Trump can't stop American progress on climate, Al Gore tells Cannes

70th Cannes Film Festival - Screening of the film
70th Cannes Film Festival - Screening of the film

Thomson Reuters

By Sarah Mills

CANNES, France (Reuters) - U.S. President Donald Trump cannot stop momentum to tackle climate change, former U.S. vice-president Al Gore said on Monday as he promoted his latest film on global warming at the Cannes Film Festival.

"An Inconvenient Sequel: Truth to Power" is the follow up to "An Inconvenient Truth", the documentary credited with bringing climate change into mainstream political discourse in the United States a decade ago.

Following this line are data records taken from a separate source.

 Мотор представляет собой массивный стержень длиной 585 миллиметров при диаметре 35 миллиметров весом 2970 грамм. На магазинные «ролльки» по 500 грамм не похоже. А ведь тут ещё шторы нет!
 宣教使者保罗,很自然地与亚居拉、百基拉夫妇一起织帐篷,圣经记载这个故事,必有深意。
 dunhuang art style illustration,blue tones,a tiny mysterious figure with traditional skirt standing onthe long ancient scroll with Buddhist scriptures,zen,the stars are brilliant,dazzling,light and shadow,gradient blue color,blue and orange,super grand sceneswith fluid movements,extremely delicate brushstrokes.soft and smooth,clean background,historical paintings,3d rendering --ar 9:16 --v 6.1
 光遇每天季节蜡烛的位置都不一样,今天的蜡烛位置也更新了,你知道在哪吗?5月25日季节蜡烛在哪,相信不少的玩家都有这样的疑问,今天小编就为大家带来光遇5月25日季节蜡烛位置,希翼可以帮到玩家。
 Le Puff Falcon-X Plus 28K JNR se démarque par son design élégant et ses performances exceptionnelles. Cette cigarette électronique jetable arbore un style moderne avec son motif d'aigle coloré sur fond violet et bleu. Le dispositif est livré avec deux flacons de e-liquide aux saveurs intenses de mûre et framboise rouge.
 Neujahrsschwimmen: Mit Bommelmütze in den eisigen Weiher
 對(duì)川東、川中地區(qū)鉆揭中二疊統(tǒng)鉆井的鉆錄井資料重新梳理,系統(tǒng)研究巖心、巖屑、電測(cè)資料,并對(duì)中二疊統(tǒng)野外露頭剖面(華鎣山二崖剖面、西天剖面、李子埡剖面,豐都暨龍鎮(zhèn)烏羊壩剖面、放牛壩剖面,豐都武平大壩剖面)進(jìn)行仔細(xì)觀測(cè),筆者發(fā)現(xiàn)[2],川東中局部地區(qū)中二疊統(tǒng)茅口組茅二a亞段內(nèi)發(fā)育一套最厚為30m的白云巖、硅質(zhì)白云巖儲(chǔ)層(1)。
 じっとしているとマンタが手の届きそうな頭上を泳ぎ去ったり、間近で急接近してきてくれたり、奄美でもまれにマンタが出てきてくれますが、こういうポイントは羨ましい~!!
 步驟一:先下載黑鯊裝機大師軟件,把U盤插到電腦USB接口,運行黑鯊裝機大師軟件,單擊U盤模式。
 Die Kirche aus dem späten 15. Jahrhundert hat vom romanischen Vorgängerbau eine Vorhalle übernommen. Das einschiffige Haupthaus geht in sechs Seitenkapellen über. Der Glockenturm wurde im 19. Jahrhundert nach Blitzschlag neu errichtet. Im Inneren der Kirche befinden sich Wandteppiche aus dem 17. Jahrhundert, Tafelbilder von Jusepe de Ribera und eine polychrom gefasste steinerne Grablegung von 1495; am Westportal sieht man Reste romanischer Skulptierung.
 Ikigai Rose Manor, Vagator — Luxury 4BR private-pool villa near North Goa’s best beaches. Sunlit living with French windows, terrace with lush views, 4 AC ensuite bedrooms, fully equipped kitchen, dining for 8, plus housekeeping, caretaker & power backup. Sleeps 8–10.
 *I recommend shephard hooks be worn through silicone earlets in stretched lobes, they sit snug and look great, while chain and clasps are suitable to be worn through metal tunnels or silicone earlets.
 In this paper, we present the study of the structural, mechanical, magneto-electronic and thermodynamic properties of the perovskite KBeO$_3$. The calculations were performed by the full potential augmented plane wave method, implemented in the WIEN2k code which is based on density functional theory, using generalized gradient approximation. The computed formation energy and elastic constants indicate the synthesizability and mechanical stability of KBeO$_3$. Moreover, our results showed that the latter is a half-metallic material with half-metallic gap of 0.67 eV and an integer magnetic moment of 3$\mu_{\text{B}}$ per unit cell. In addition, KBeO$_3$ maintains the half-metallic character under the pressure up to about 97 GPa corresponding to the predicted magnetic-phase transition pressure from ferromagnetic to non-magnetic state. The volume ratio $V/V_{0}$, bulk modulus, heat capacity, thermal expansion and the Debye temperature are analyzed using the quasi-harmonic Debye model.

Shot mostly before Trump's election, it features the Republican candidate on the campaign trail promising to abolish environmental regulations and boost the coal and oil industries. At one point Trump tells a rally: "We need some global warming -- it's freezing!"

But with legal and political obstacles, Gore said Trump would be unable to stop the momentum that would shift society away from fossil fuels.

"We now know after four months of the Trump administration, no one person, not even a president, can stop the climate movement," Gore told a news conference at the French film festival.

"The courts have blocked parts of what President Trump has attempted and the Congress has refused to act on other parts of his agenda. The American people are determined to continue making progress and will do so," he added.

Since he took office, Trump's administration has moved to unwind environmental rules but frustrated some conservatives by entertaining the idea of keeping the United States in a global pact to fight climate change.

Gore expressed hope that Trump would opt not to quit the 2015 Paris deal on climate change signed by most countries in the world.

"I do believe that there is a better-than-even chance that he will surprise many by keeping the U.S. within the Paris agreement. I don’t know that he will but I think there is a chance that he will."

"An Inconvenient Sequel" premiered at the Sundance Festival in January to mixed reviews.

Variety said it was "likely to be another event, a part of the conversation, a movie that glories, once again, in the incisive power of its inconvenience".

But the Hollywood Reporter said the documentary's big weakness was that Gore failed to tackle Trump strongly enough.

"Quite possibly, Gore thinks talking at this point would jeopardize any influence he might have in the soon-to-be gold-plated Oval Office," it wrote in January.

"But this is one area in which the movie cannot inspire hope for the future."